Reason number 3: reproducibility helps reviewers see it your way
Most of us like to moan about peer review. One of the complaints I hear most often is: the reviewers didn’t even read the paper and had no idea what we were really doing.
This starkly contrasts with my experience during the review process of a recent paper [4], for which we had made the data and well-documented code easily accessible to the reviewers. One of the reviewers proposed a slight change to some analyses, and because he had access to the complete analysis, he could directly try out his ideas on our data and see how the results changed. The reviewer was completely on board, the only thing left to discuss was the best way to analyze the data. Exactly how a constructive review should be. And it would have been impossible without a transparent and reproducible presentation of our analyses.

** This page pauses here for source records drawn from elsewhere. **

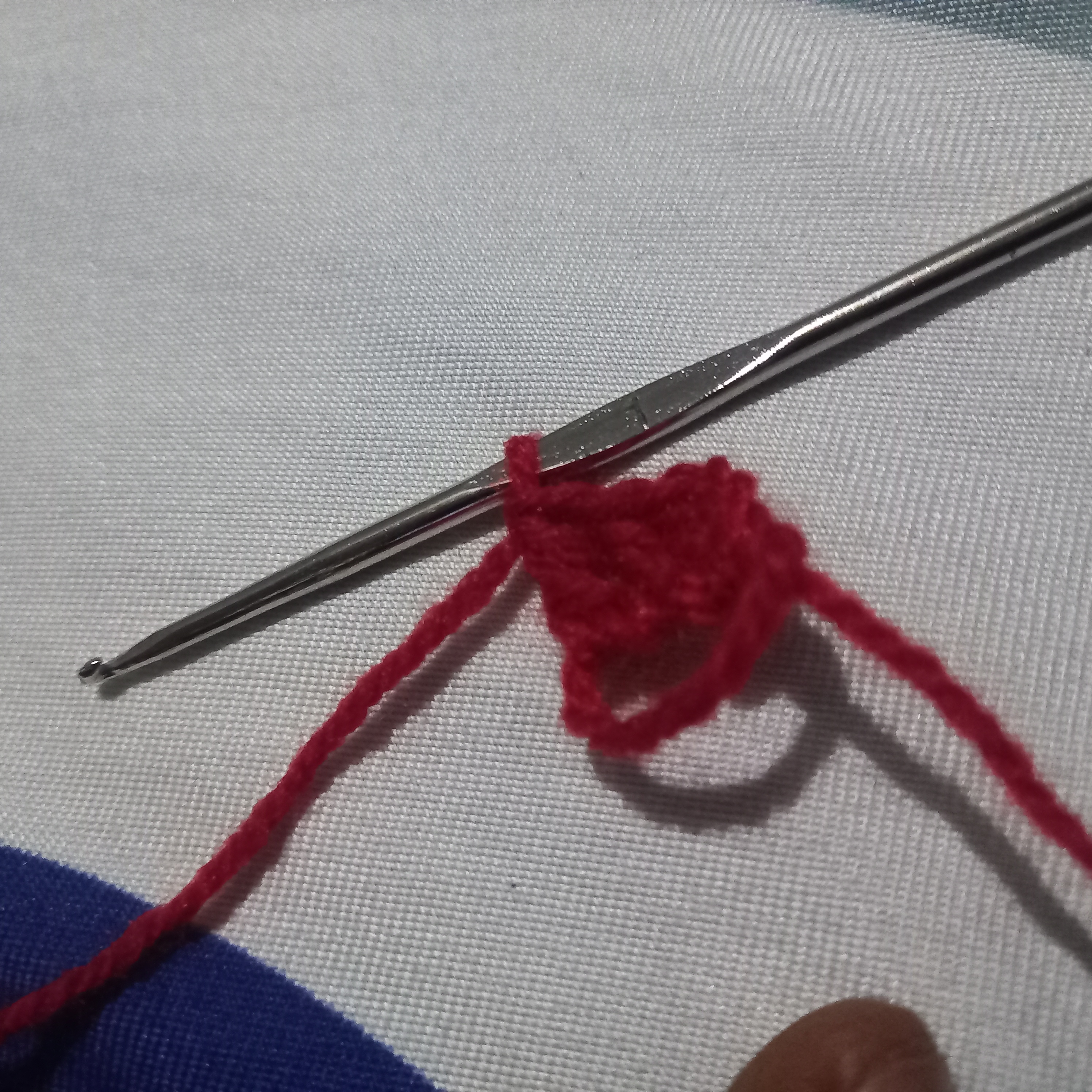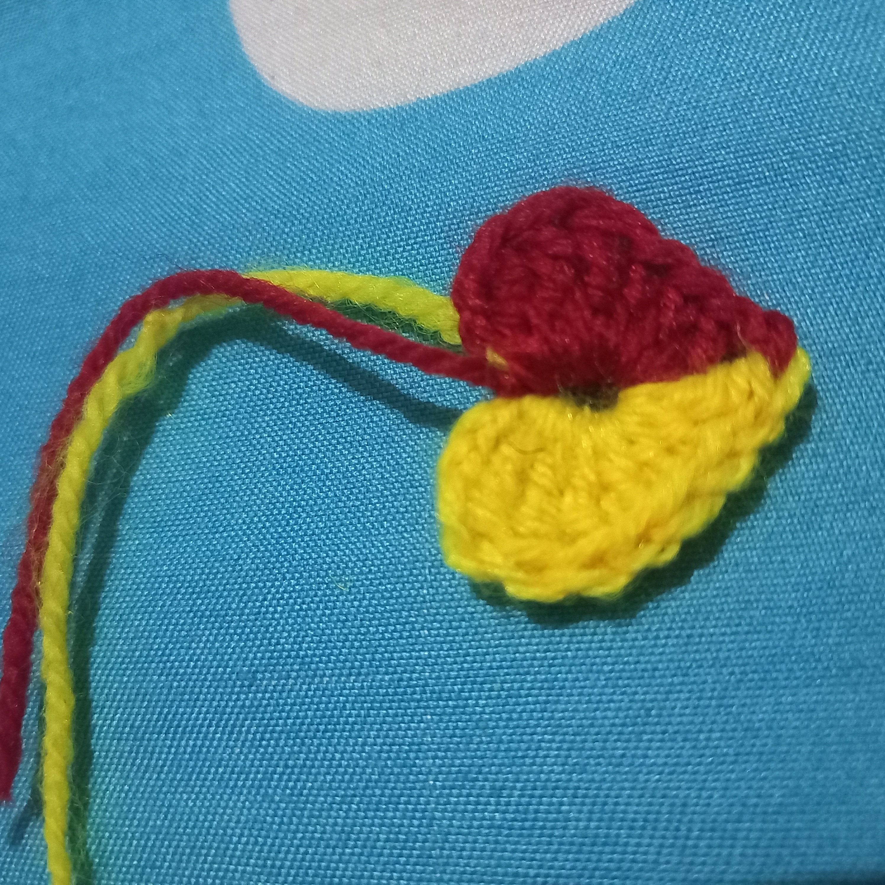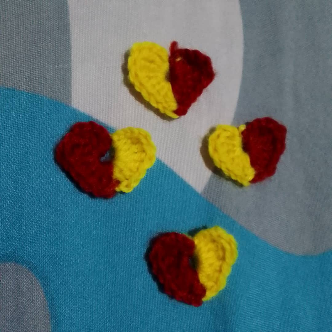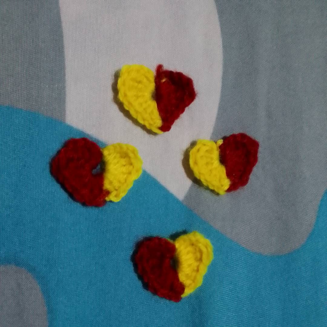 I will do three double crochet with the red wool and then I will also do three triple double crochet and a there single chain after the three double crochet so it could be the same with the yellow wool. And then I will slip stitch it. Try to pull out the yellow wool to make the magic circle a bit invisible to the eyes and creat the middle of the heart.
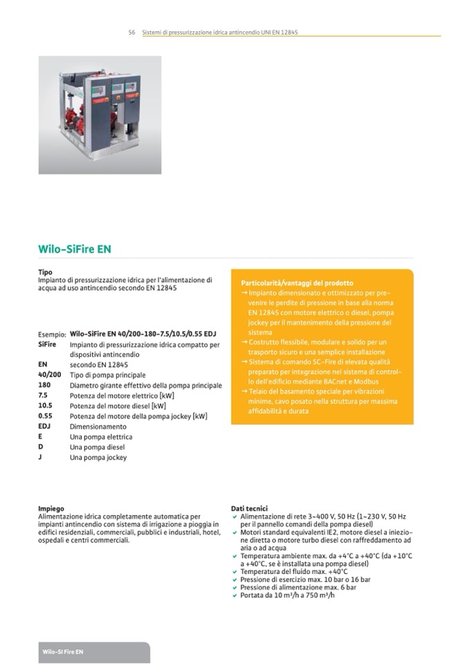56 Sistemi di pressurizzazione idrica antincendio UNI EN 12845
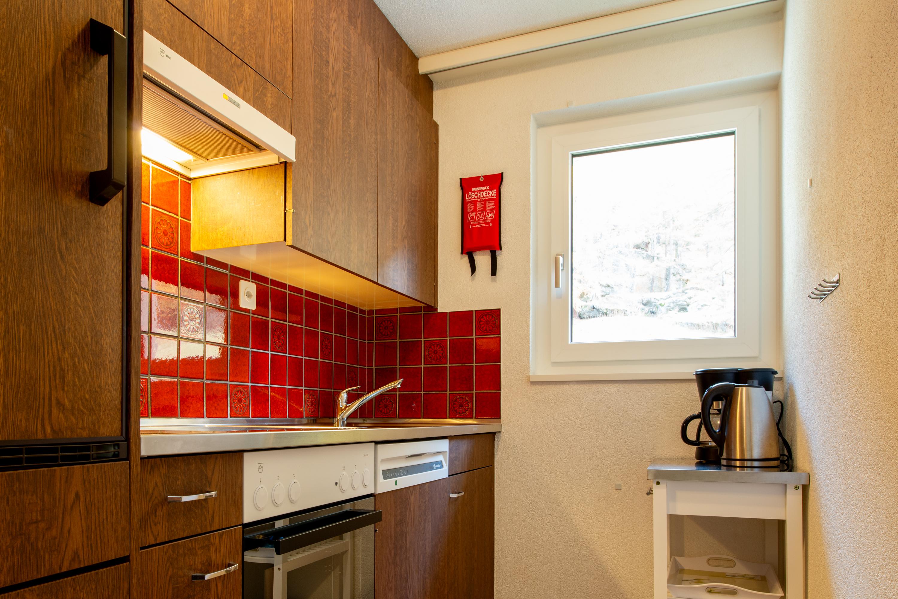 1-Zimmerwohnung, 32 m2 mit Südbalkon, grosses Wohn-/ Schlafzimmer mit Doppelbett, Digital TV und Radio, W-LAN kostenlos, Polstersesseln, offene Küche mit E-Herd, Backofen, Kühlschrank mit Gefrierfach, Filterkaffeemaschine und Wasserkocher, Esstisch. Dusche/WC. Toaster, Mixer, Fondue-Caquelon und Raclette-Tischgrill auf Wunsch erhältlich.

Reason number 4: reproducibility enables continuity of your work
I would be surprised if you hadn’t heard the following remarks before, maybe you have even said them yourself: “I am so busy, I can’t remember all the details of all my projects” or “I did this analysis 6 months ago. Of course I can’t remember all the details after such a long time” or “My principle investigator (PI) said I should continue the project of a previous postdoc, but that postdoc is long gone and hasn’t saved any scripts or data”.
Think about it, all of these issues can be solved by documenting data and code well and by making them easily accessible. This point is particularly important for PIs who work on challenging long-term projects. How can you ensure the continuity of work in your lab if progress is not documented reproducibly? In my own group, I don’t even discuss results with students if they are not documented well. No proof of reproducibility, no result!
Reason number 5: reproducibility helps to build your reputation
For several papers, we have made our data, code and analyses available as an Experiment Package on Bioconductor [5]. When I came up for tenure, I cited all of these packages as research output of my lab. Generally, making your analyses available in this way will help you to build a reputation for being an honest and careful researcher. Should there ever be a problem with one of your papers, you will be in a very good position to defend yourself and to show that you reported everything in good faith.
The recent paper published in Science “Scientific standards. Promoting an open research culture” [6] summarizes eight standards and three levels of reproducibility guidelines. Using tools such as R and knitR (Box 1) will make it likely that you comply easily with the highest-level guideline — and again, that is good for your reputation.